Task goal:
Transcribe the entries below exactly, starting with the line that has "汤放华从经济实力再上台阶、民" and stopping after the line that has "A matte nude"; no pictures belong in the copy.

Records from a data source

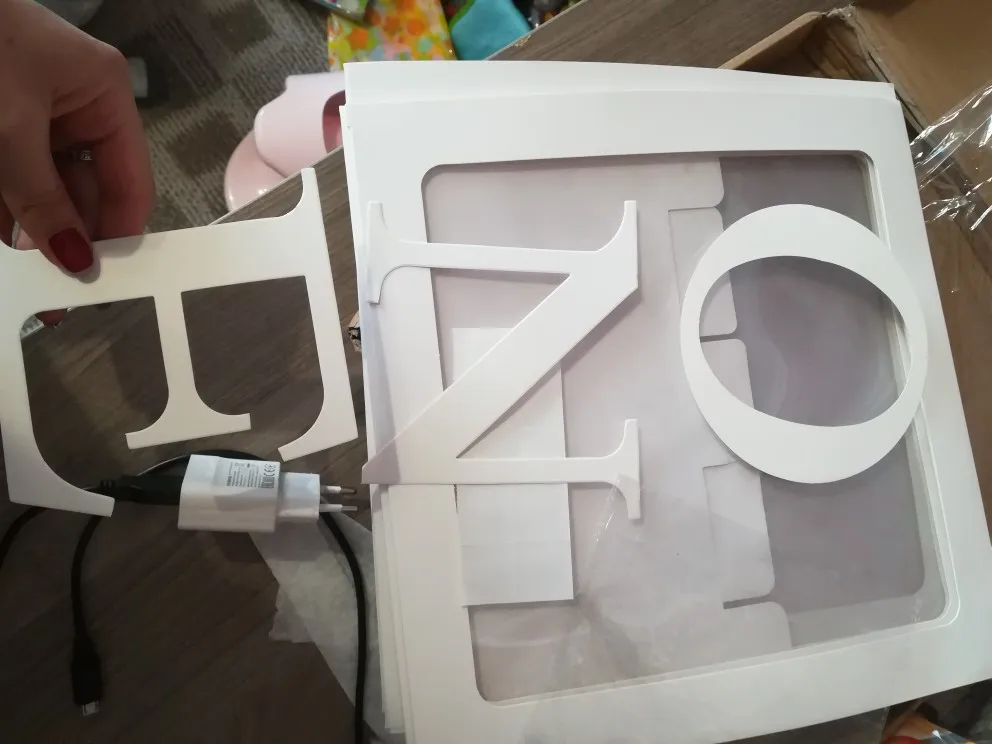 Мне понравились коробки, они сделаны из картона и центральной пластиковой панели, буквы идут отдельно, чтобы приклеить двухстороннюю ленту также включены. The mounted Effect is Very Nice, cn Balloons inside and batteries Lights Look Very Nice. Они приходят в сложенном виде и упакованы протекторами в углах
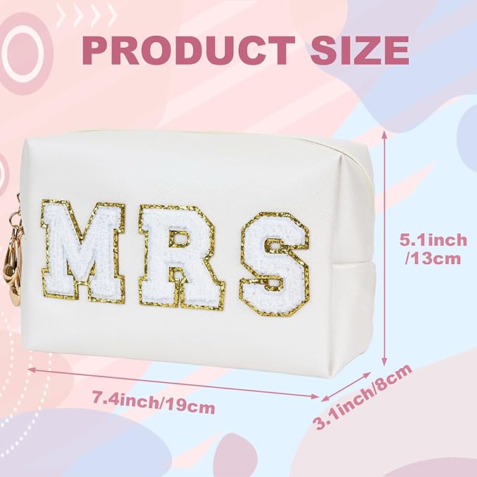 - 💄Beautiful and Elegant Design: The preppy makeup bags adopt soft white and pink color, and has a big “MRS” letter with gold trim is stuck in the middle letter in the center. It exudes an overall sophisticated and refined look,letter patch on the front, and gold plated alloy zipper. White is a symbol of purity, which is a good choice as a gift for your bridesmaid with this bag.
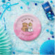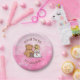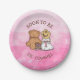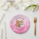 Land und Western Thema rustikale Mädchen's Baby-Dusche Papier Teller. Grafik ist ein niedliches kleines Mädchen in einem Cowboy, der neben einem Teddybär sitzt. Rosa Hintergrund. Baby Shower Papier Teller.
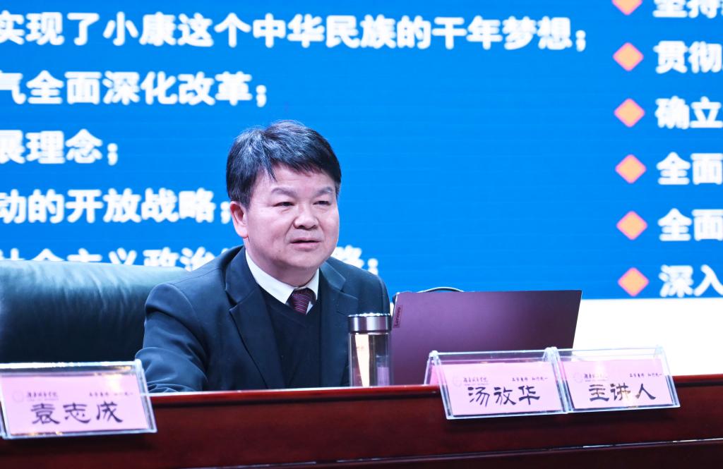 汤放华从经济实力再上台阶、民主政治全面推进、人民生活持续改善、文化自信明显增强、美丽中国步伐坚实等五个方面全面回望了新时代十年中国取得的瞩目成就。他表示,党的二十大擘画了以中国式现代化全面推进中华民族伟大复兴的宏伟蓝图,把宏伟目标变为美好现实,奋进正当其时。要坚持“四个服务”,践行初心使命。要肩负历史责任,争当时代先锋。
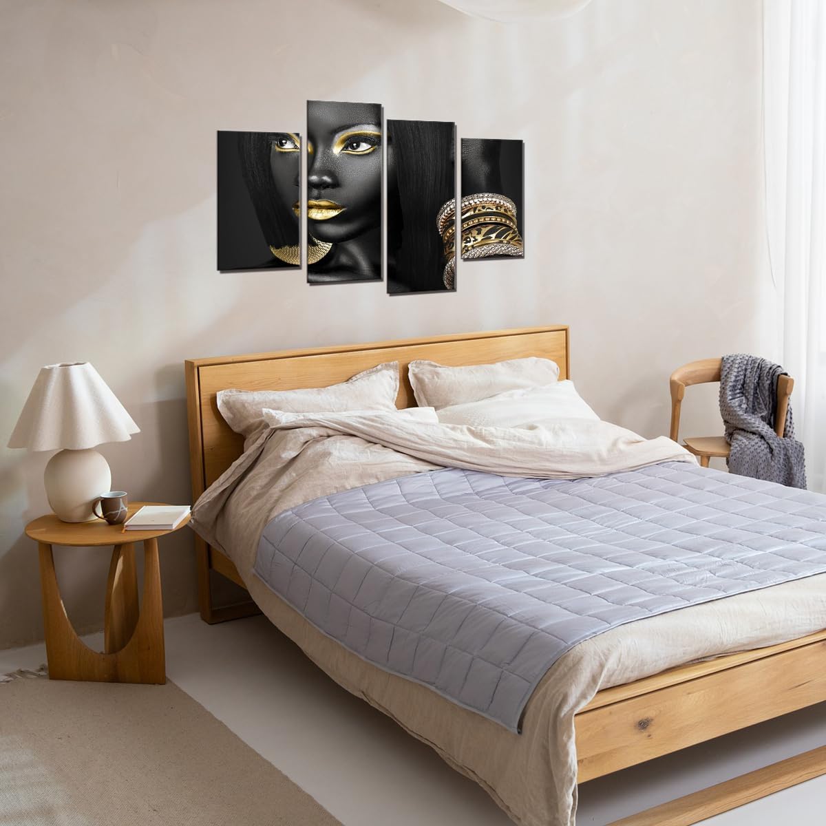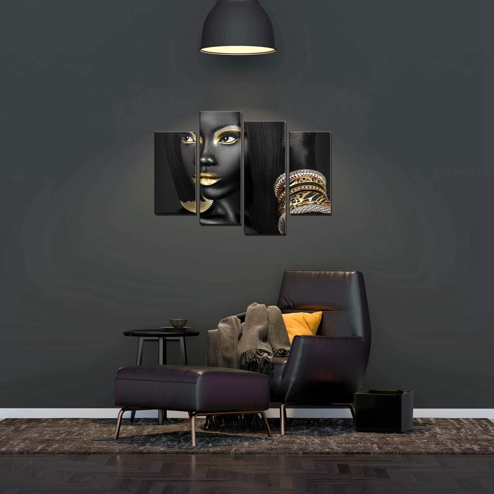 SIZE:8x18inchx2+8x22inchx2(20x45cmx2+20x55cmx2).Classic black and gold pairing,beautiful African girls,mysterious and fashionable artworks,suitable for hanging in bathroom,bedroom,home,living room,corridor,office,restaurant,girl bedroom,and more.african black women queen artwork for home office wall decor frame black girl nurse decor gold canvas of african american girls
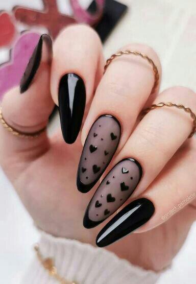 A matte nude base with scattered black hearts gives these nails a cute yet edgy winter aesthetic. Paired with glossy black nails, the look feels playful but still dark and seasonal.
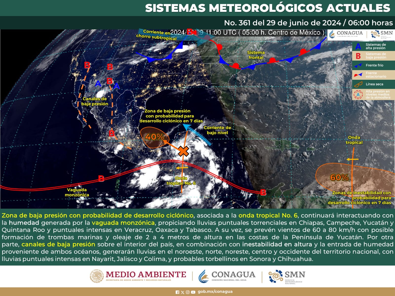 Estas condiciones meteorológicas podrían provocar encharcamientos, inundaciones y deslaves, incremento en los niveles de ríos y arroyos, así como caídas de árboles y anuncios. Se recomienda a la población mantenerse informada y seguir las indicaciones de las autoridades.
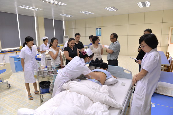 甘肃省天水市卫生学校到广西中医学校参观交流 来源:广西中医学校 作者:钟钊龙 日期:2015-06-13 点击数: 次 分享到: 2015年6月11日上午,甘肃省天水市卫生学校教务处主任杨永庆一行到广西中医学校参观考察,受到中医学校副校长马秋平热情接待。 来访一行首先参观了学校实训中心。随后,双方就实训室建设、教学督导、教学质量监控等方面进行了深入交流,并进行了随堂听课。下午,一行到鸭脖校办产业——广西重阳老年公寓进行了参观。参观实训中心参观实训中心交流座谈会在重阳老年公寓合影 打印正文 关闭本页
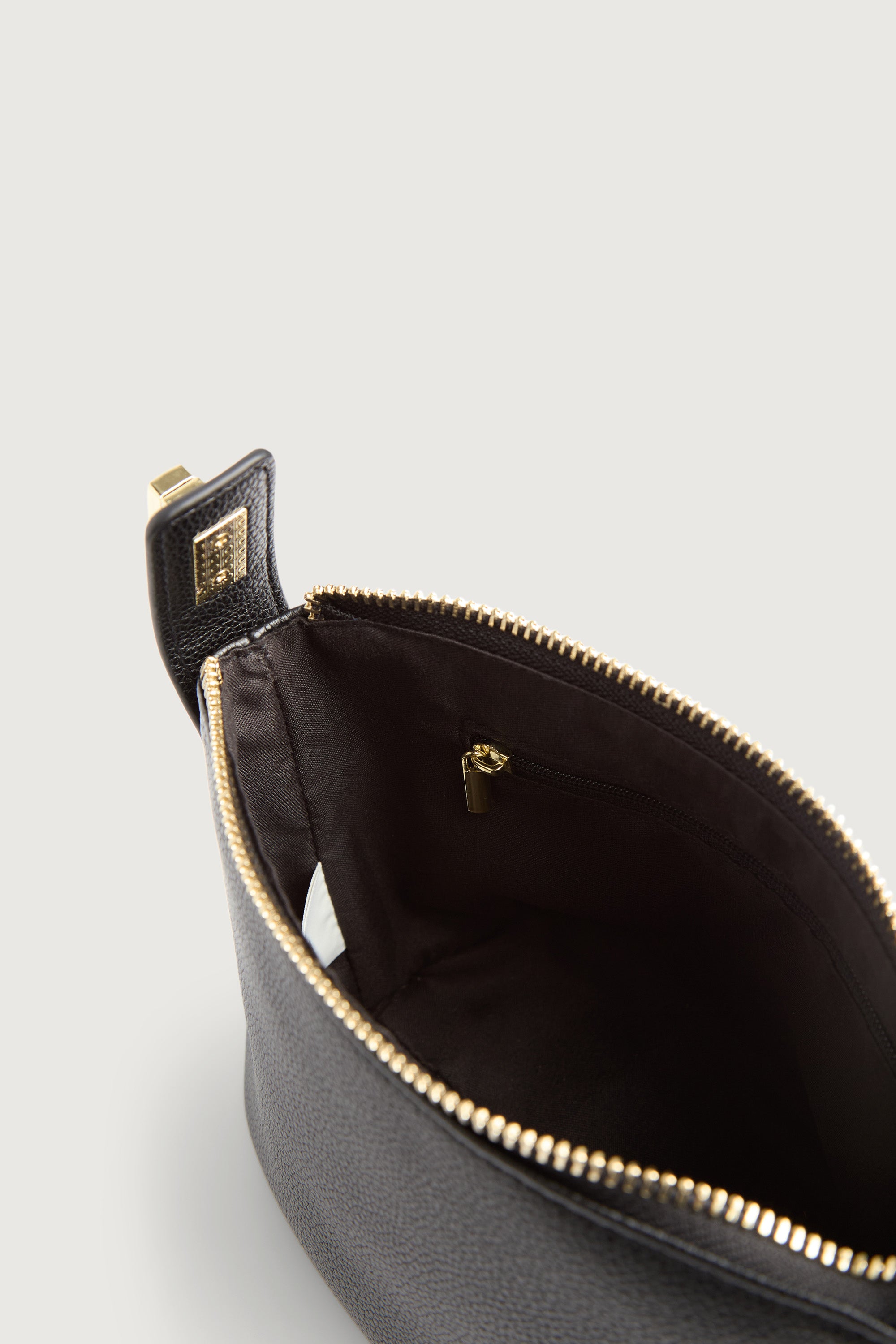 Pebbled vegan leather. Removable top handle. Removable and adjustable crossbody strap. Zip closure. Internal zip pocket.

Response:
 汤放华从经济实力再上台阶、民主政治全面推进、人民生活持续改善、文化自信明显增强、美丽中国步伐坚实等五个方面全面回望了新时代十年中国取得的瞩目成就。他表示,党的二十大擘画了以中国式现代化全面推进中华民族伟大复兴的宏伟蓝图,把宏伟目标变为美好现实,奋进正当其时。要坚持“四个服务”,践行初心使命。要肩负历史责任,争当时代先锋。
 SIZE:8x18inchx2+8x22inchx2(20x45cmx2+20x55cmx2).Classic black and gold pairing,beautiful African girls,mysterious and fashionable artworks,suitable for hanging in bathroom,bedroom,home,living room,corridor,office,restaurant,girl bedroom,and more.african black women queen artwork for home office wall decor frame black girl nurse decor gold canvas of african american girls
 A matte nude base with scattered black hearts gives these nails a cute yet edgy winter aesthetic. Paired with glossy black nails, the look feels playful but still dark and seasonal.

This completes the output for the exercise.